Another important BFR application parameter that should be considered is the influence of different restrictive cuff widths on alterations in vision health. This is important since different cuffs are used for BFR and narrow cuffs (e.g., 5 cm) require higher pressure to occlude blood flow than wider ones (e.g., 13.5 cm) [67]. Moreover, Rossow et al. [68] revealed greater blood pressure responses applying wider cuffs compared with narrower ones; however, the same absolute degree of restriction (152 vs. 154 mmHg) was used for both conditions but was not standardized to personalized AOP. Although when restriction is made relative to AOP, cuff width might not significantly affect physiological responses, some points should be addressed for further clarification.
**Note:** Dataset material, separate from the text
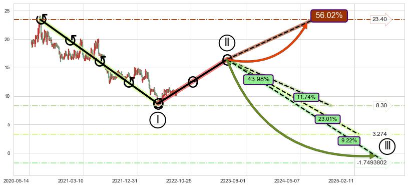 ➣ 大趋势循环浪继续向下概率43.98%
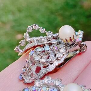 Materials: Silver tone metal; aurora borealis rhinestones; faux pearls

On the one hand, using a wide cuff increases the distance of pressure being applied to the tissue and blood vessels, creating greater resistance to blood flow [69]. Conversely, a narrow cuff might increase the risk of nerve injuries due to a higher-pressure gradient (since high AOP is required) compared with wider cuffs [69][70]. Therefore, to clarify this issue, further studies should compare the impact of wide and narrow cuffs with equal percent of AOP on IOP and ocular perfusion pressure. Finally, once the safest settings have been established, long-term investigations with outcomes monitoring [71][72] should be introduced to verify and document the safety of BFR use.